First, we download a protein-protein interaction network from the STRING database using `get_string_network()` or directly from the package.

```{r get-string-network, message=FALSE}
# Fetch STRING network (can be replaced with a custom network)
# g <- get_string_network(organism = "9606", score_threshold = 900)

# Load a pre-existing network from a file
g <- readRDS(system.file("extdata", "string_example_network.rds", package = "XYomics")) # You can also download the hormonal network "hormonal_network_metacore.rds" instead of "string_example_network.rds".
```

### 2. Constructing the PCSF Network

Next, we define "prizes" for our genes based on their statistical significance (e.g., -log10 of the p-value) and use the `construct_ppi_pcsf` function to build a context-specific network.
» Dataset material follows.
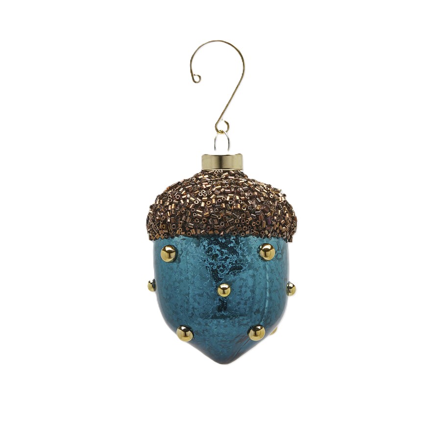 Bola de cristal para árbol de navidad con forma de bellota. Color azul.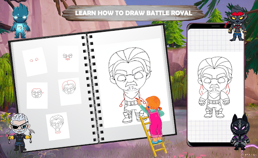 - This app contains dozen of your favorite Battle Royale Characters drawing pages.

```{r construct-pcsf-network, eval=FALSE}
# Use dimorphic DE results to define prizes
dimorphic_specific <- res_cat[res_cat$DEG_Type == "sex-dimorphic", ]
dimorphic_prizes <- -log10((dimorphic_specific$Male_FDR + dimorphic_specific$Female_FDR) / 2)
names(dimorphic_prizes) <-dimorphic_specific$Gene_Symbols

# Construct the PCSF subnetwork

dimorphic_network <- construct_ppi_pcsf(g = g, prizes = dimorphic_prizes)
network <- ppi_pipeline(res_cat, g)
```

```{r load-network-results}
network <- readRDS(
  system.file("extdata", "bulk_network_results.rds", package = "XYomics")
)

neutral_network <- readRDS(
  system.file("extdata", "bulk_neutral_network.rds", package = "XYomics")
)

neutral_specific <- res_cat[res_cat$DEG_Type == "sex-neutral", ]
```

### 3. Visualizing the Network

Finally, we use the `plot_network()` function to visualize the network, highlighting nodes based on their degree (i.e., significance). Each node also includes a barplot showing logFC values, blue for males and pink for females.

```{r visualize-network}


plot_network(neutral_network, "sex-neutral", neutral_specific, show_barplot = T)


#Generate plots for all categories

all_plots <- plot_network_pipeline(network, res_cat)

```

### Generating a Report
The `generate_cat_report` function can be used to compile all results into a single HTML report.

```{r report, eval=FALSE}
# This command generates a comprehensive HTML report 

template_path = system.file("extdata", "Template_report_bulk.Rmd", package = "XYomics") # fetch the template for bulk from the package

generate_cat_report(res_cat, pathway_results, network, template_path = template_path)


```

# Conclusion

This vignette has demonstrated two key approaches for analyzing sex-specific effects in bulk RNA-seq data. While sex-stratified analysis is a common first step, **interaction analysis provides a more statistically robust method** for identifying genes whose regulation by disease is truly dependent on sex. We recommend using an interaction-based approach when possible, while being mindful of the need for adequate sample sizes.